You may have seen these billboards at stations and on board tube trains, catching people as they commute, getting them when they are at their weakest, hating their jobs (work less) trying to get home (love your home), feeling hungry (advertising kitchens).

Or you may have seen the TV ad; a sweaty office full of white, white collar workers chant and whoop as one of their number dares to leave the office at early. The street outside is empty except for his floral clad lady friend (obviously with no job herself to worry about), who throws her arms around his grubby neck.

There are so many things wrong with this advertising
campaign that I feel breathless.

From a Marxist perspective it is of course outrageous:
"[it] breaks a tacit taboo in advertising discourse against explicitly referencing the source of all wealth. Rather than flatter us by pretending we're bourgeois consumers, it rubs our noses in our grubby proletarian status."*

In addition, the advert sjows only one worker leaving the office, this is not collective action, the other workers look on in astonished admiration, they don't pack their bags. It teams an action against the capitalist economy (withdrawing labour) with the supporting action of consuming.

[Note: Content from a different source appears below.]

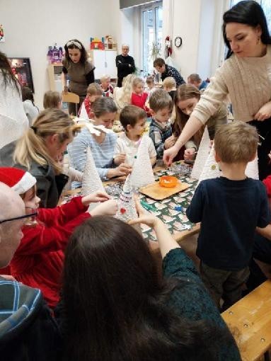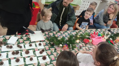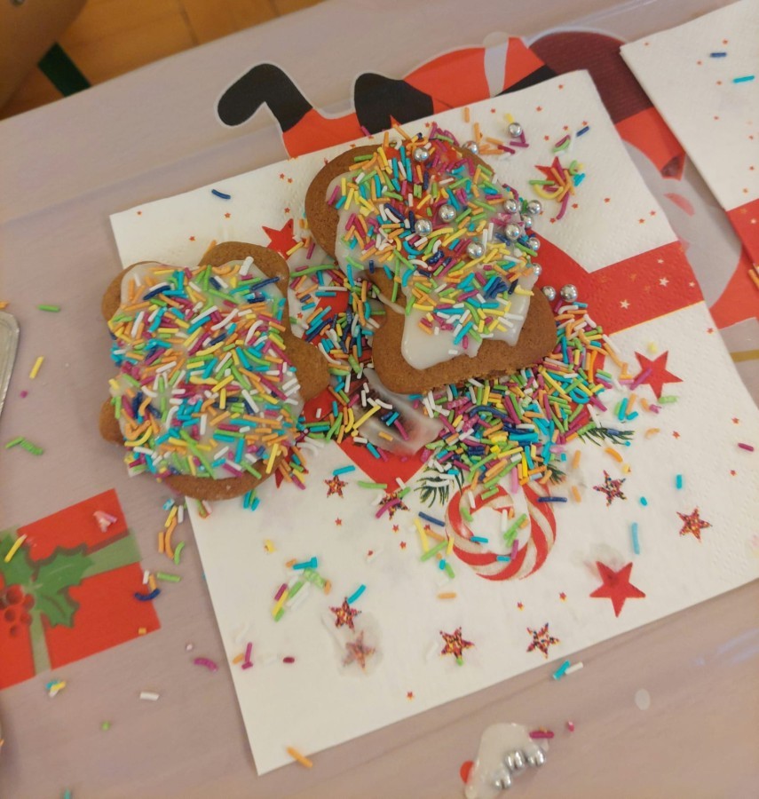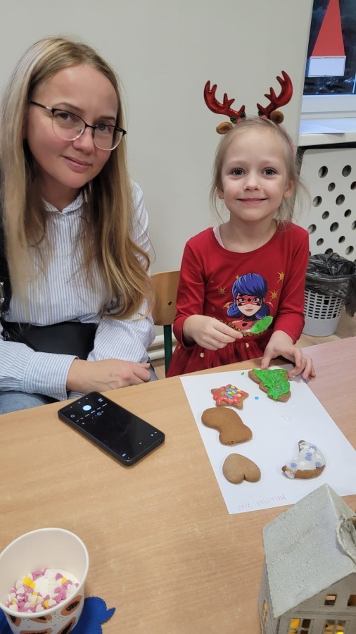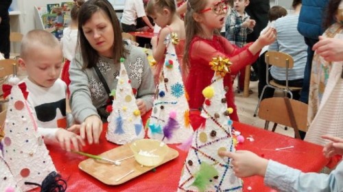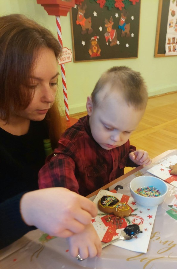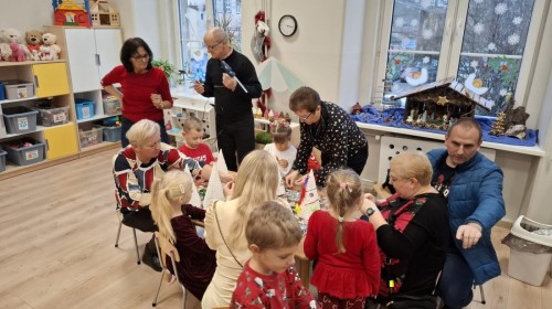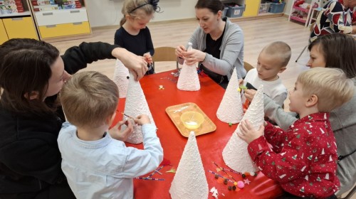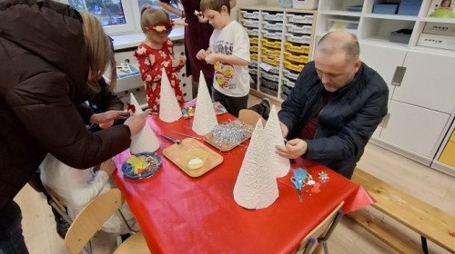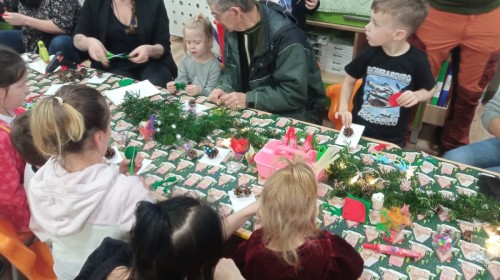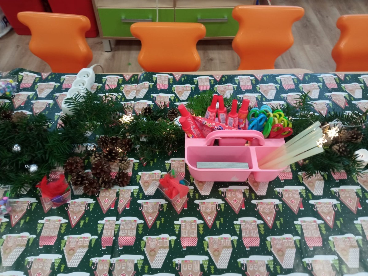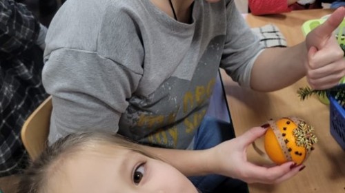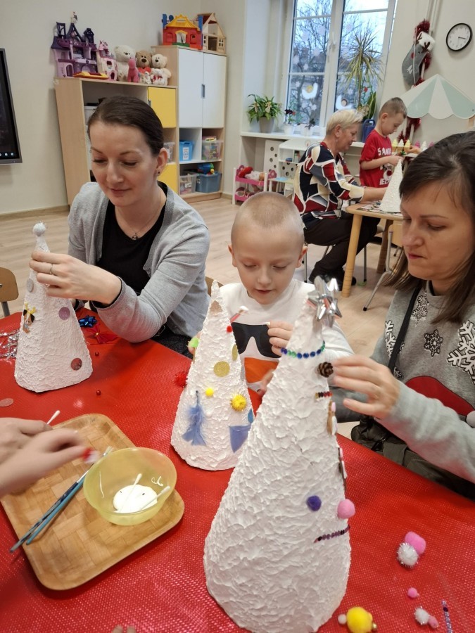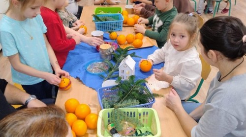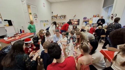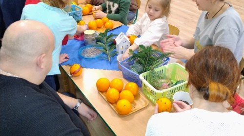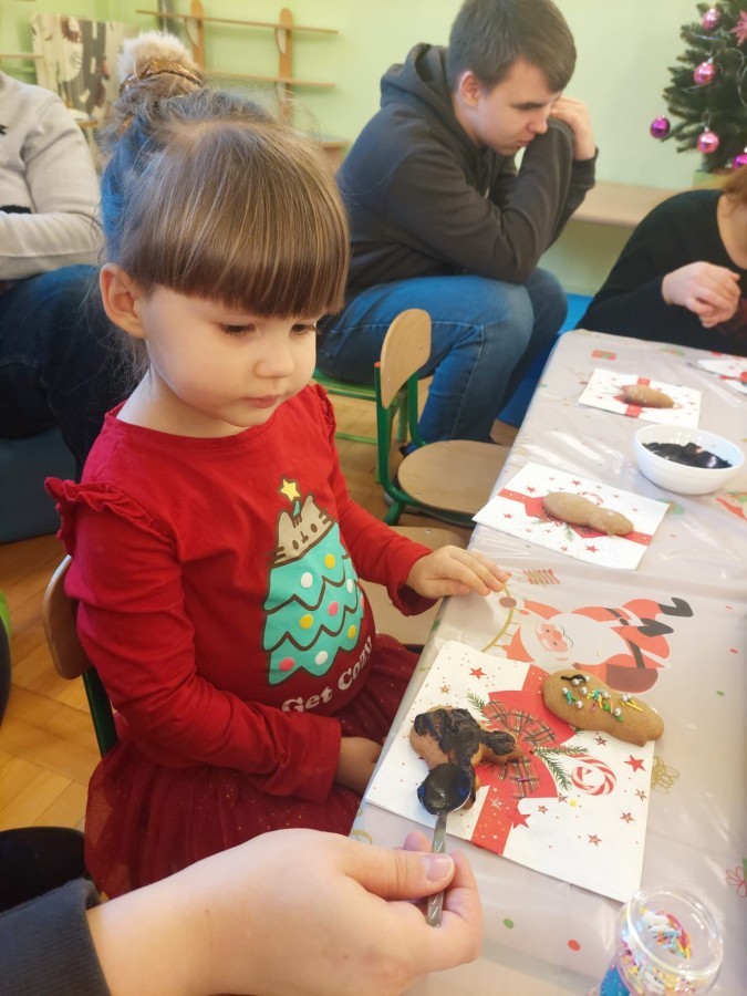 W naszej placówce odbyły się świąteczne warsztaty, które na długo pozostaną w pamięci dzieci i rodziców. Spotkanie rozpoczęło się wspólnym śpiewaniem piosenek i kolęd, tworząc ciepłą, świąteczną atmosferę. Następnie uczestnicy wzięli udział w twórczych aktywnościach – ozdabiali pomarańcze goździkami, dekorowali pierniczki, malowali gipsowe choinki oraz wykonywali papierowe łańcuchy i ludziki z szyszek. Był to czas radości, rozmów i wspólnego tworzenia, który sprzyjał integracji i pozwolił poczuć prawdziwego ducha nadchodzących świąt.
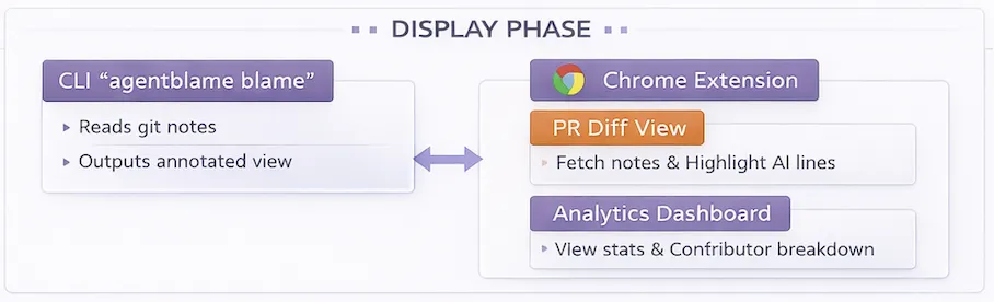 - The CLI merges git blame output with git notes attribution

It is full of false oppositions and equations that really don't add up:
If
new kitchen = less work
then
old kitchen = more work?

As with most adverts it connects an object with a lifestyle, in this case freedom from work. Even if this were the case and somehow through the purchase of a new kitchen you were able to convince your boss to let you leave two hours early (even though this is a problem for most women with school age children with or without IKEA kitchens) what would we do with this life outside work? The adverts suggest rolling on grass with some children or taking a nature walk. But when you think about popular bank holiday leisure activities, a visit to IKEA (“I only go for the meatballs while the wife looks around”) is not unheard off.